### INSTRUCTIONS FOR THE TASK
When you reach the line that contains "Ministry of Citizens'", begin copying exactly, and continue through the last line of the data; no pictures belong in the copy.

[Dataset entries]
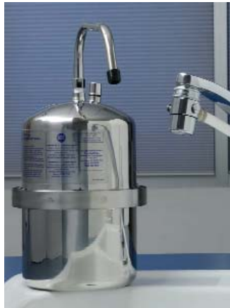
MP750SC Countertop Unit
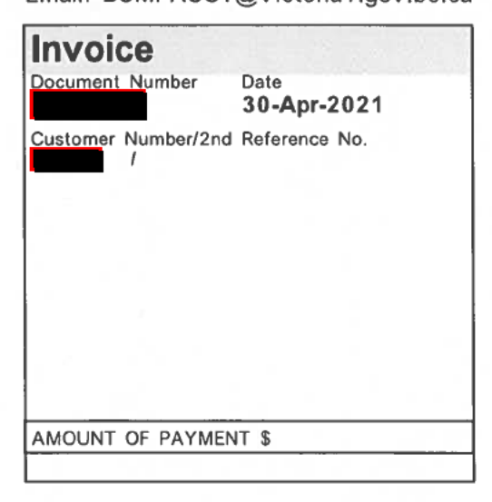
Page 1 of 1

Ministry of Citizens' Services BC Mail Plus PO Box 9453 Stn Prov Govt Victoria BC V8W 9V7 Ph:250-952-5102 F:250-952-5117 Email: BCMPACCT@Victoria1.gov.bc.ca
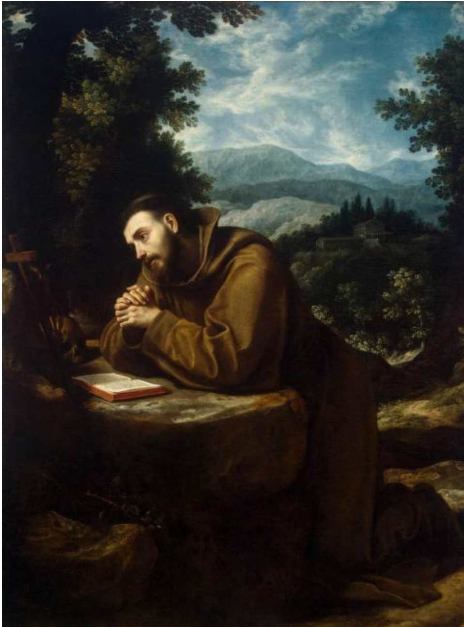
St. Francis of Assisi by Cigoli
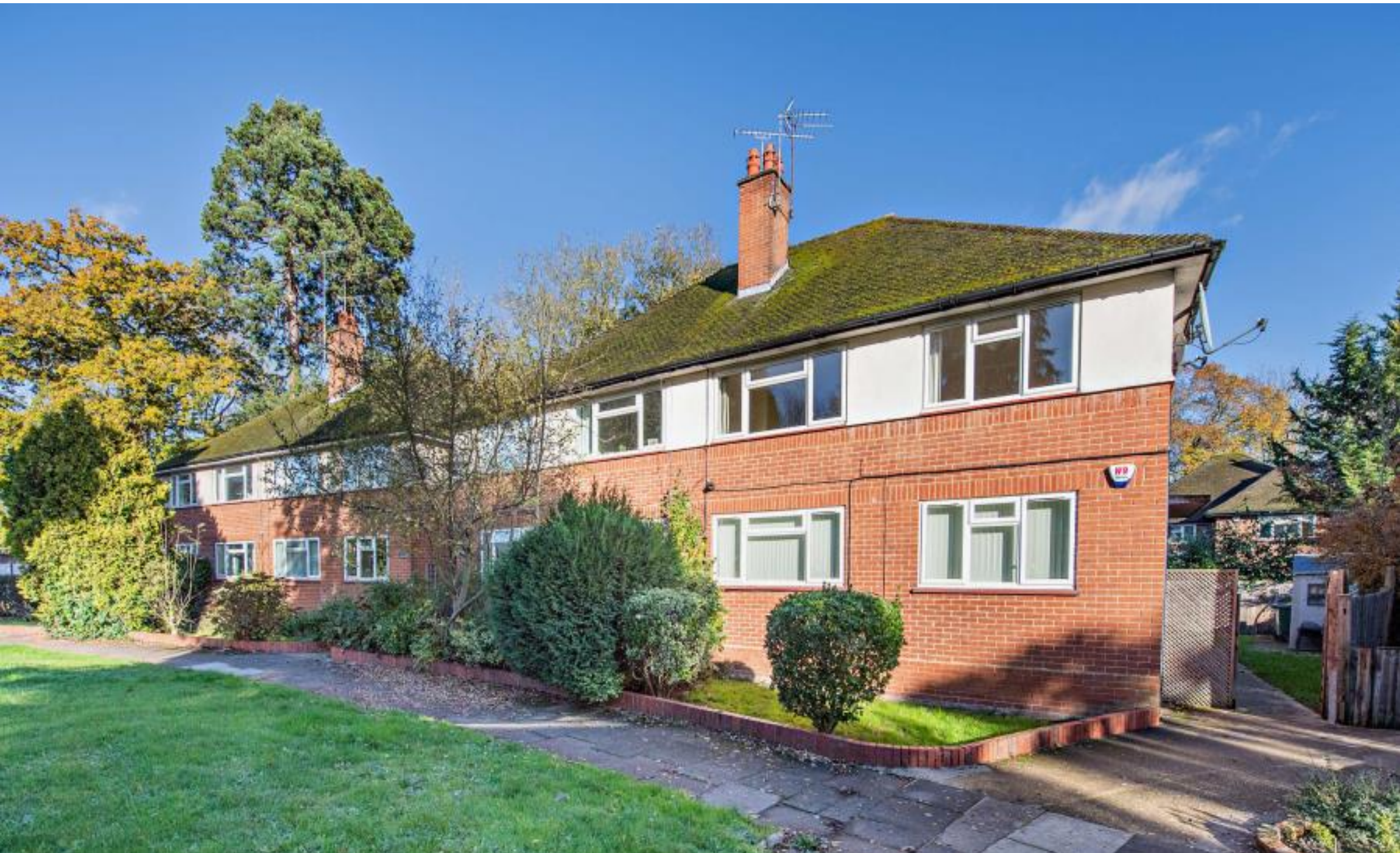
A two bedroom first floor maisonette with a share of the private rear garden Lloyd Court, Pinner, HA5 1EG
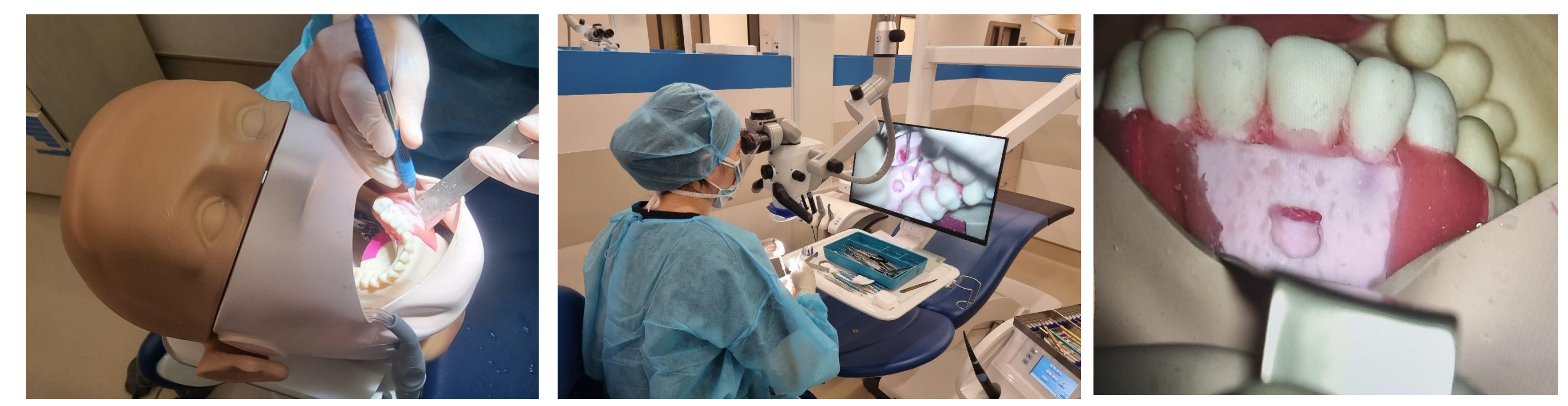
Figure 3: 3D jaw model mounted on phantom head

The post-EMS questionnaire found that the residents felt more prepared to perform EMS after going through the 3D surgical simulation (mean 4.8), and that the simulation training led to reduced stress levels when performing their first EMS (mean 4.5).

### RESULT OF THIS TASK
Ministry of Citizens' Services BC Mail Plus PO Box 9453 Stn Prov Govt Victoria BC V8W 9V7 Ph:250-952-5102 F:250-952-5117 Email: BCMPACCT@Victoria1.gov.bc.ca
St. Francis of Assisi by Cigoli
A two bedroom first floor maisonette with a share of the private rear garden Lloyd Court, Pinner, HA5 1EG
Figure 3: 3D jaw model mounted on phantom head

The post-EMS questionnaire found that the residents felt more prepared to perform EMS after going through the 3D surgical simulation (mean 4.8), and that the simulation training led to reduced stress levels when performing their first EMS (mean 4.5).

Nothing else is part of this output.